Closed ieatmosquitos closed 8 years ago
First, are you integrating the library into your own application or are you using on of the demo executable (like pmicp
)?
In both cases, I suggest you to build your own yaml file because the default configuration rarely fit the needs for a specific application. Also, there is no involvement of the scaling in the default configuration. The full description of the default configuration can be found here: http://libpointmatcher.readthedocs.io/en/latest/DefaultICPConfig/#default-configuration-of-the-icp-chain
The default error minimizer used is PointToPlaneErrorMinimizer
.
You can confirm that by checking if the sum of each column of the rotation components (first three columns) equals to one.
To build your own yaml file, you can check those tutorials: http://libpointmatcher.readthedocs.io/en/latest/ICPIntro/
I am integrating the library in an application
I think there was an error on my side: I was not loading the configuration from the "default.yaml" configuration file. I was using the setDefault() function instead. By using a yaml configuration file, I actually get no scaling when running the icp algorithm.
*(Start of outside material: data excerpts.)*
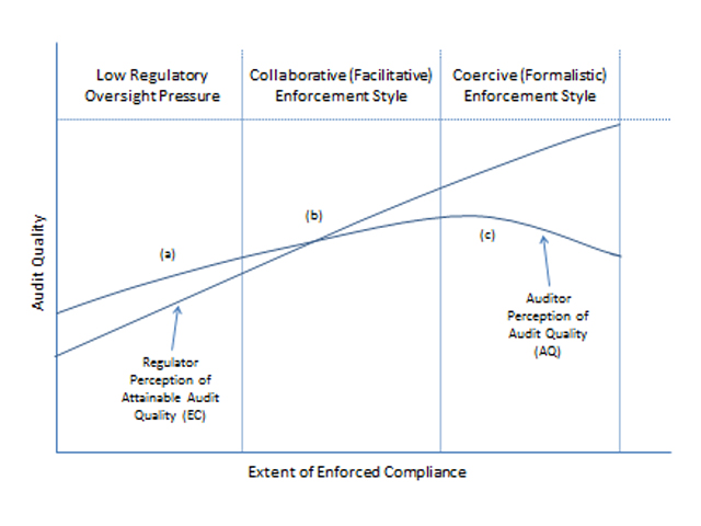 Het is zaak dat zowel toezichthouders als kantoren hun best doen om een ideaal evenwicht te vinden tussen streng handhaven door toezichthouders en de rol van de kantoren zelf . De verwachting is namelijk dat wanneer de toezichthouder te ver gaat in de handhaving, de auditkwaliteit achteruit gaat.
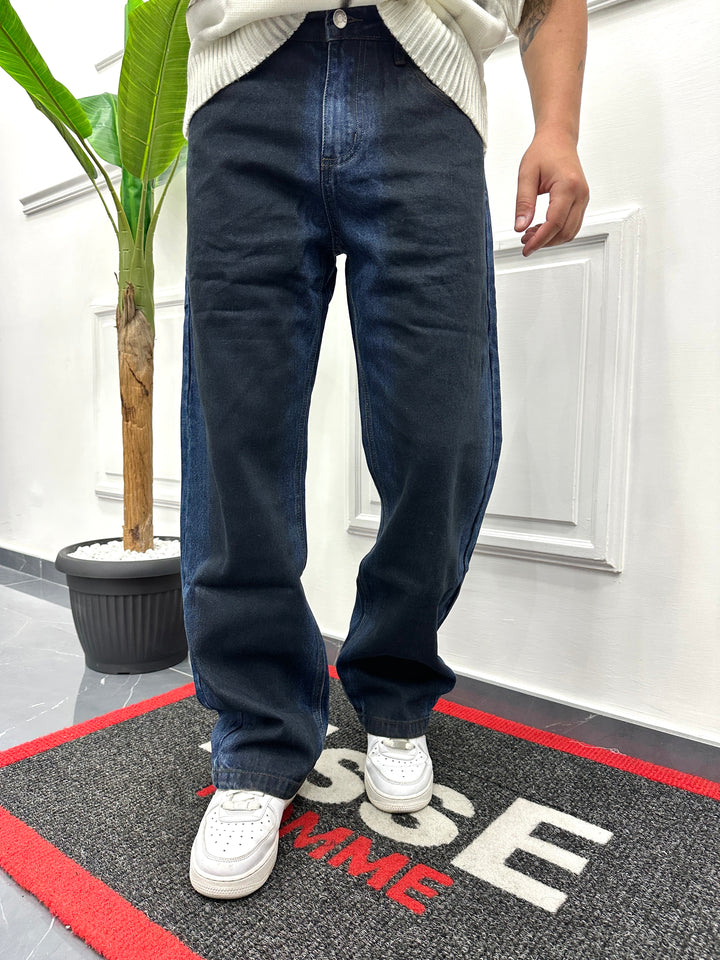 Jeans BAGGY fit lavaggio blu con spruzzo nero kk3032
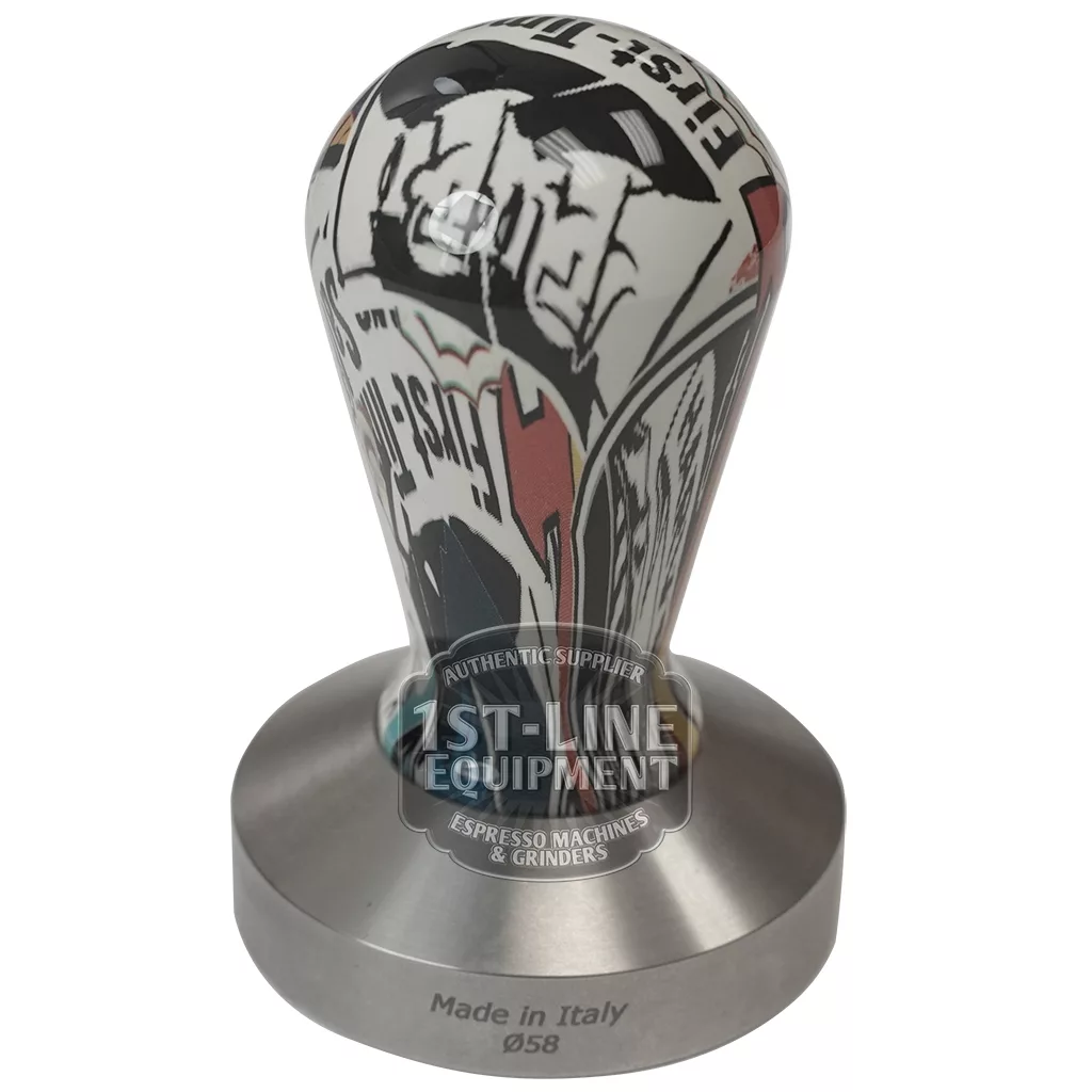 1st-line Comic tampers are made in Italy. They have a solid stainless steel 58 mm base. The handle has an artsy style to it rather than a solid dull color. Each tamper will come with its own box for storage.
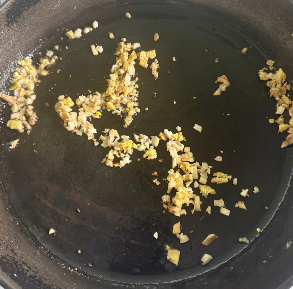 2. Add the minced garlic and grated ginger, stirring for about 30 seconds until fragrant.
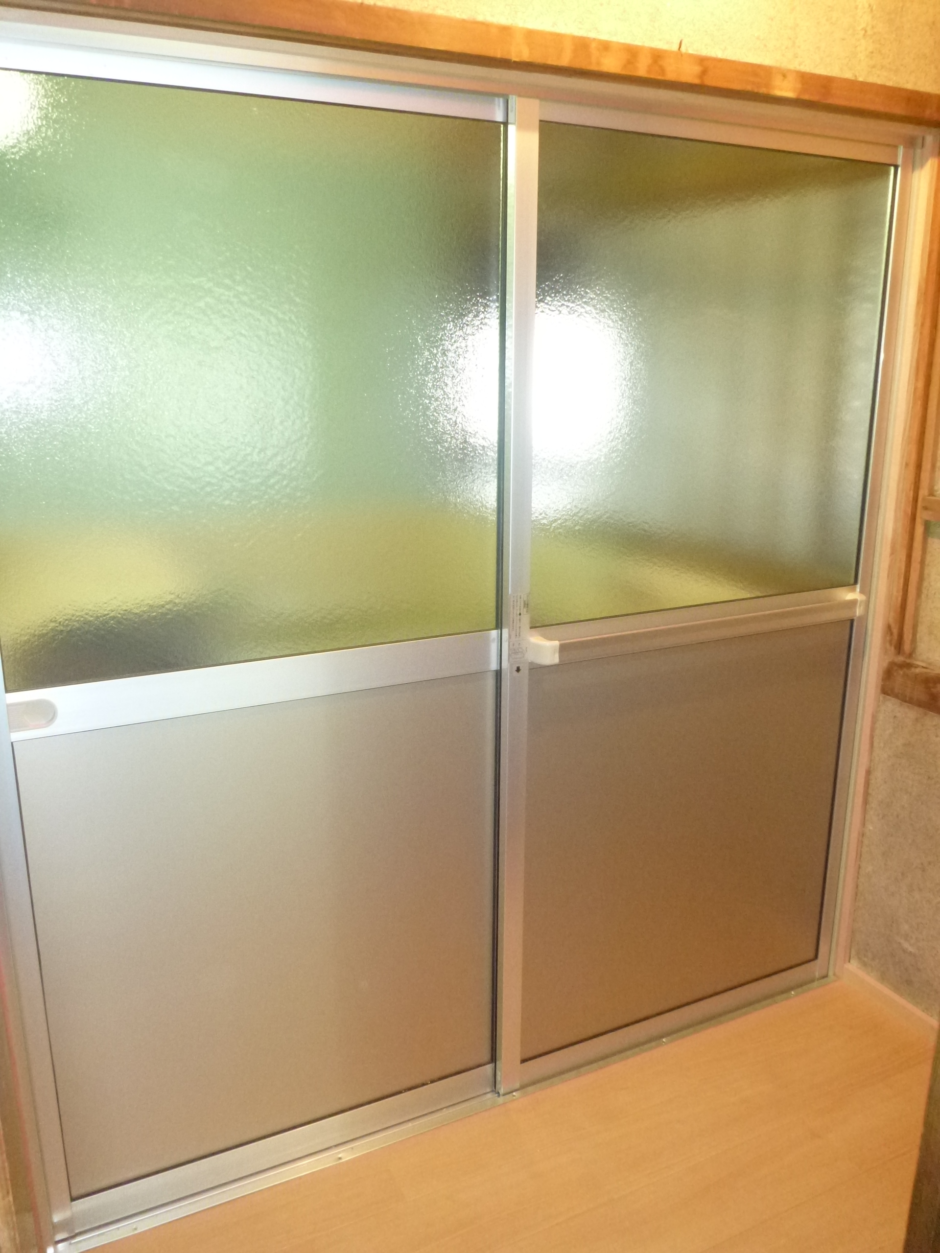 右側はもともと壁だったのですが、壁の解体を行い洗濯機の排水、通気性がよくなるように引違いのドアへ変更。

I suppose the issue is SOLVED (even if I don't get why I get the scaling factor when using setDefault())
Thanks for your attention and sorry for my error
I double checked in the code for the default config and it's still PointToPlaneErrorMinimizer
(it could have chane without me noticing it).
Here is the line where setDefault()
is defined.
How did you detect that the transformation with scaling was used? There might be something else somewhere, but I would have to reproduce the problem on my side.
To detect whether a scaling is being applied, I copy the transformation that icp outputs and copy it into an Eigen::isometry3f and use the function "computeRotationScaling" or "computeScalingRotation" to get the rotational and scaling matrices that, chained, give the same transformation.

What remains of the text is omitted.